JACC Cardiovasc Interv. 2018 Nov 26;11(22):2276-2283. doi: 10.1016/j.jcin.2018.07.058.

Abstract

Objectives: This study sought to describe the association between chronic total occlusion (CTO) revascularization (CTO percutaneous coronary intervention [PCI]) and health status in patients with and without cardiomyopathy.

Background: Prior PCI trials for cardiomyopathy have excluded CTO patients. Whether patients with reduced left ventricular ejection fraction (LVEF) receive similar health status benefit from CTO-PCI compared with patients with normal LVEF is unclear.

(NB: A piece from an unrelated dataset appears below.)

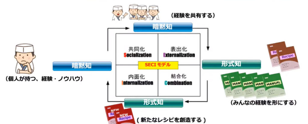 SECIモデルは、そんな属人になりがちな知識がどのように個人から組織全体に広がっていくかを理解するための優れた枠組みです。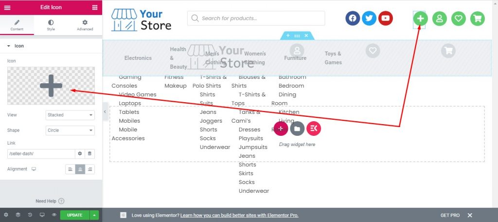 4. Now select the header icon you want to change and click that icon in the Elementor menu.

Methods: We assessed health status change, using the Seattle Angina Questionnaire (SAQ) Summary, SAQ Angina Frequency, and Rose Dyspnea Scale scores, among patients undergoing successful CTO PCI in the OPEN-CTO (Outcomes, Patient Health Status, and Efficiency in Chronic Total Occlusion) Registry. Participants were classified by LVEF (normal, ≥50%; mild-moderate, 30% to 49%; and severe, <30%), with higher SAQ and lower Rose Dyspnea Scale scores indicating better health status. Differences in 1-year outcomes were compared using hierarchical multivariable regression.

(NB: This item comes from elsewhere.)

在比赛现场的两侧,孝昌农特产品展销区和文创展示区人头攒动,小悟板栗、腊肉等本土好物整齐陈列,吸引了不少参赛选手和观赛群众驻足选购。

Results: Of 762 patients, 506 (66.4%), 193 (25.3%), and 63 (8.3%) had normal, mild-moderate, and severely reduced LVEF. SAQ Summary score improvements were observed in each group (27.1 ± 20.4, 26.7 ± 21.2, and 20.3 ± 18.1, respectively). Compared with patients with LVEF ≥50%, those with LVEF <30% had less improvement in SAQ Summary Score (-5.2 points; 95% confidence interval: -9.0 to -1.5; p = 0.01) and Rose Dyspnea Scale (+0.5 points; 95% confidence interval: 0.1 to 0.8; p = 0.01), with no difference in odds of angina (odds ratio: 1.3; 95% confidence interval: 0.6 to 3.0; p = 0.48). Health status improvement was similar between patients with LVEF ≥50% and LVEF 30% to 49%.

Conclusions: Although health status improvement was less in patients with severely reduced LVEF compared with those with normal LVEF, each group experienced large health status improvements after CTO-PCI.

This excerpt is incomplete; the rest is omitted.